- The task -
Apart from the pictures, print the data below exactly as given.

- Data extract -
--*--

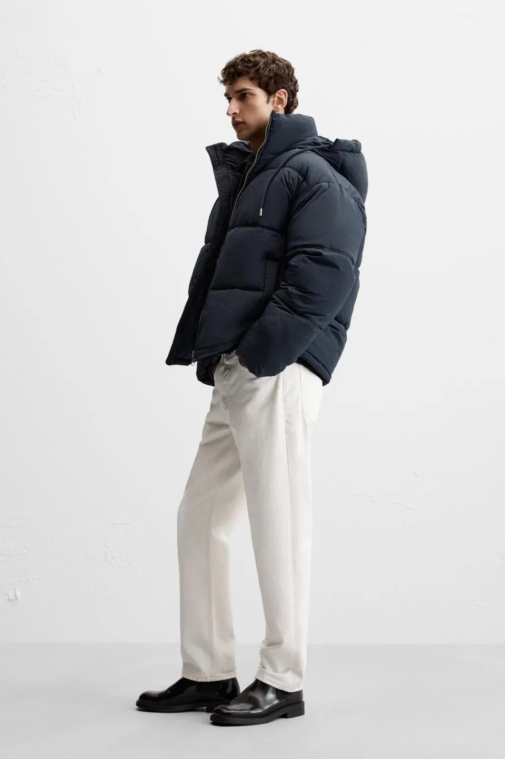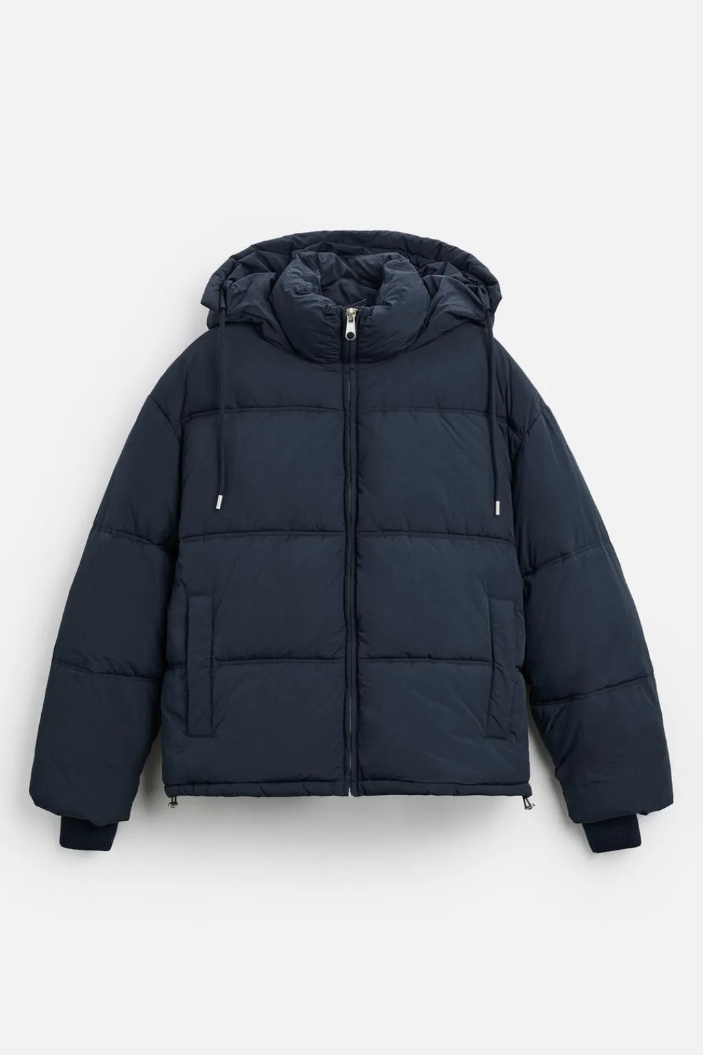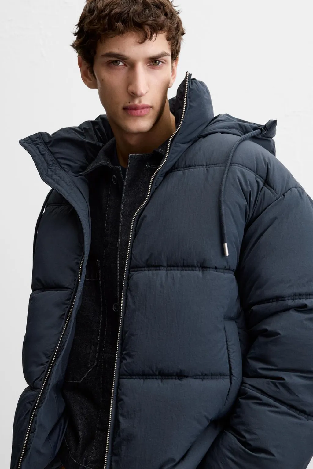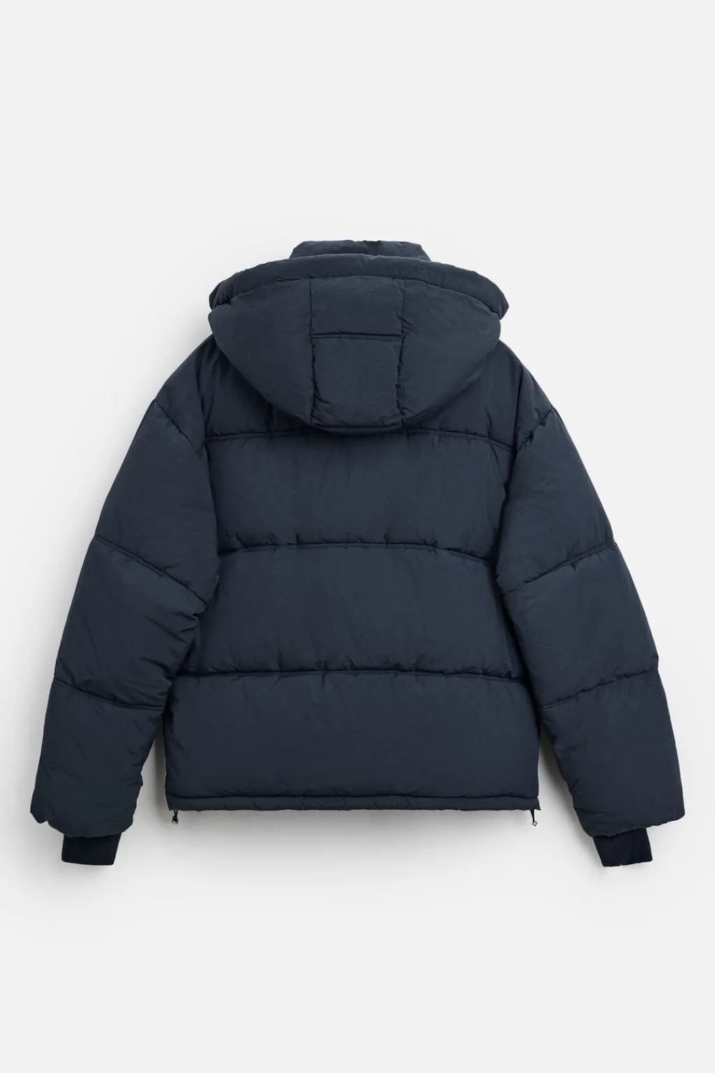 Cazadora relaxed fit confeccionada en tejido técnico. Cuello subido con capucha ajustable. Manga larga acabada en puño con el interior de rib. Bolsillos de vivo en cadera y detalle de bolsillo interior. Cierre frontal con cremallera.
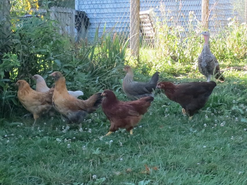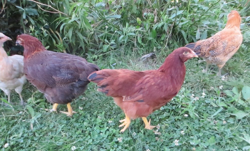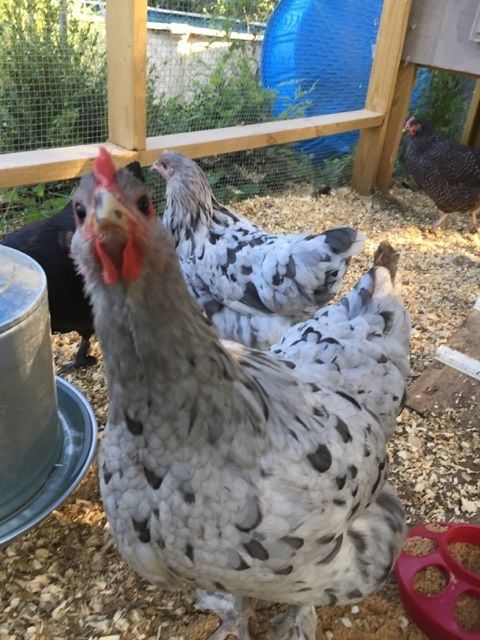 Wooo Hooooo. We got our first egg today!!! We think it was Coco CHanel (upper right). Clara Barton upper left is the survivor from our home crop surgery and is doing very well!
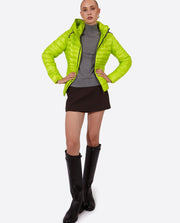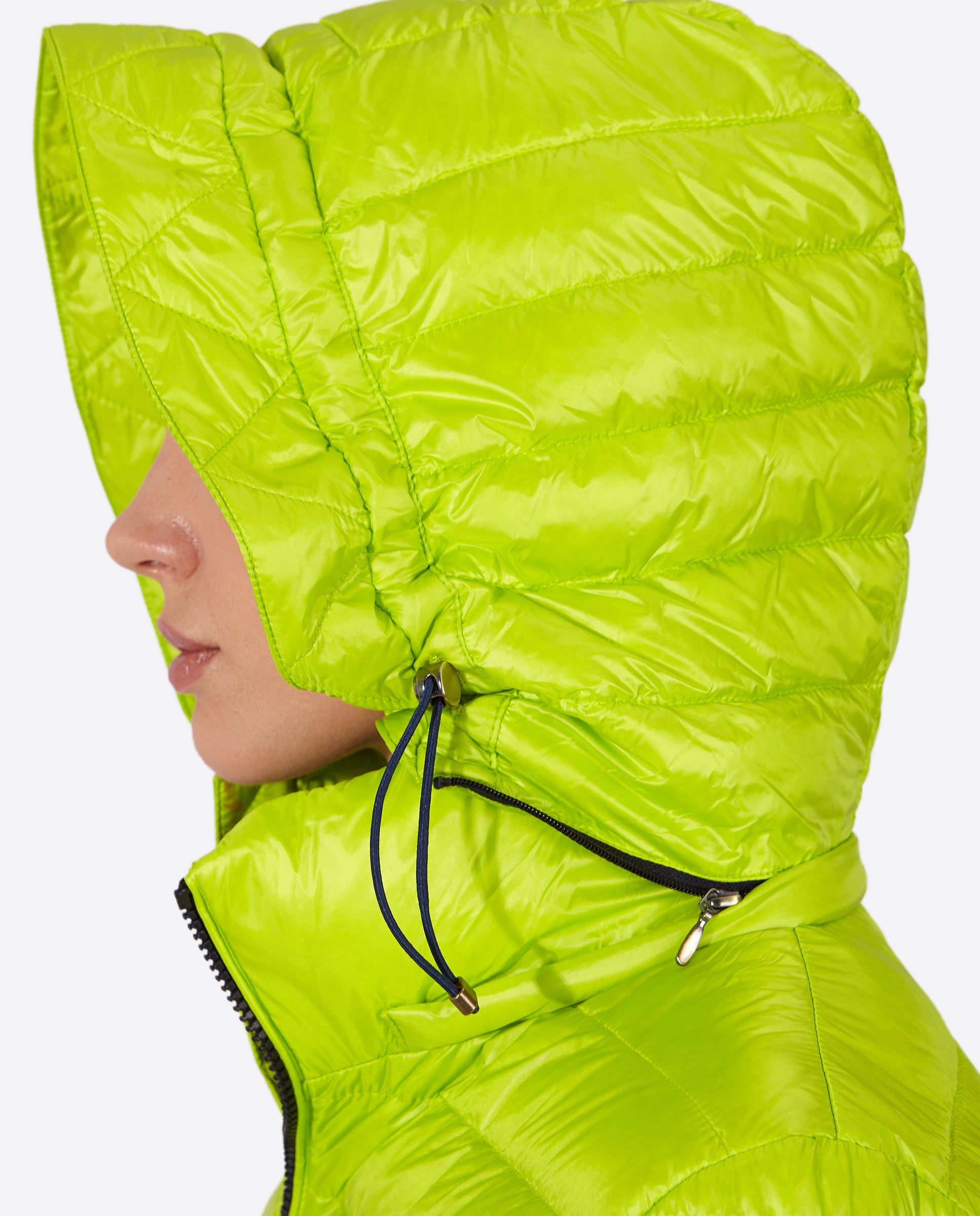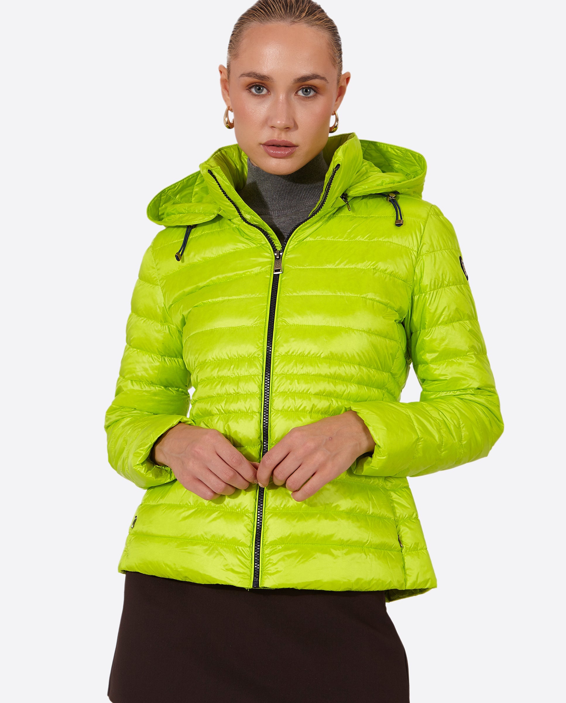 As a down jacket expert, I recommend the Women's HALLEY short down jacket. With a detachable hood and exposed zippered pockets, this jacket provides practicality and style. The 90% down and 10% feather filling ensures warmth and the 60 cm length offers full coverage. Zip up and stay cozy with HALLEY.
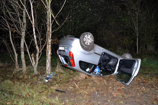 Text und Fotos: TBF/Holger Kröger – Gegen 21:00 Uhr fuhr gestern ein Pkw-Fahrer auf der A226 in Fahrtrichtung Lübeck. Kurz vor der Abfahrt Lübeck-Dänischburg kommt das Fahrzeug von der Fahrbahn ab. Es überschlägt sich und schleudert knapp an einem Hinweisschild vorbei auf dem Dach liegend gegen einen Baum.

--*--

- Solution for this task -
 Cazadora relaxed fit confeccionada en tejido técnico. Cuello subido con capucha ajustable. Manga larga acabada en puño con el interior de rib. Bolsillos de vivo en cadera y detalle de bolsillo interior. Cierre frontal con cremallera.
 Wooo Hooooo. We got our first egg today!!! We think it was Coco CHanel (upper right). Clara Barton upper left is the survivor from our home crop surgery and is doing very well!
 As a down jacket expert, I recommend the Women's HALLEY short down jacket. With a detachable hood and exposed zippered pockets, this jacket provides practicality and style. The 90% down and 10% feather filling ensures warmth and the 60 cm length offers full coverage. Zip up and stay cozy with HALLEY.
 Text und Fotos: TBF/Holger Kröger – Gegen 21:00 Uhr fuhr gestern ein Pkw-Fahrer auf der A226 in Fahrtrichtung Lübeck. Kurz vor der Abfahrt Lübeck-Dänischburg kommt das Fahrzeug von der Fahrbahn ab. Es überschlägt sich und schleudert knapp an einem Hinweisschild vorbei auf dem Dach liegend gegen einen Baum.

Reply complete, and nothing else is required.